The key change relates to Network Security Services (NSS), a type of verification system that is required by Netflix to manage its integrated DRM and to make sure you’re not busy downloading everything in the site’s library. NSS is an open-source collection of protocols managed by Oracle, Google, Firefox and various other companies.
News of the update was posted to a Ubuntu development forum by senior Netflix engineer Paul Adolph. Once the operating system gets the updated version of NSS (which should be in a couple of weeks), everyone running Ubuntu and Chrome will be able to tap into Netflix’s collection, no user agent trickery required.
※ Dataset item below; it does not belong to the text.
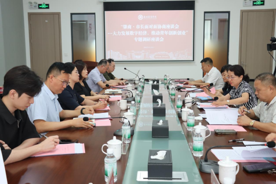 我校与会人员就数字经济专业建设、产教融合模式、创新创业教育及校地合作、青年在创业过程中存在的困难、希望政府如何支持解决等问题进行了深入交流与探讨。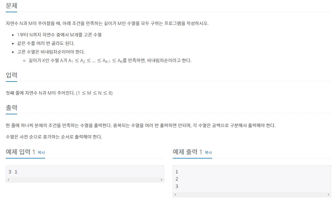 | 백준 15651번 - N과 M (3) - C++ (1) | 2022.01.13 |

Last year Netflix added HTML 5 video support to its service to work alongside Microsoft Silverlight, meaning more platforms — including Chrome OS — could take advantage of the site. That same HTML 5 technology, together with the imminent security update, means Netflix will be available just about anywhere. The on-demand video service has been busy expanding across Europe during September, opening for business in France, Germany, Austria, Switzerland, Belgium, and Luxembourg.
Linux code underpins a whole range of different devices — it’s what Android is built on, for example — but it remains a niche product as far as desktops and laptops go, with just 1.67 percent of systems running the open-source software at the last count.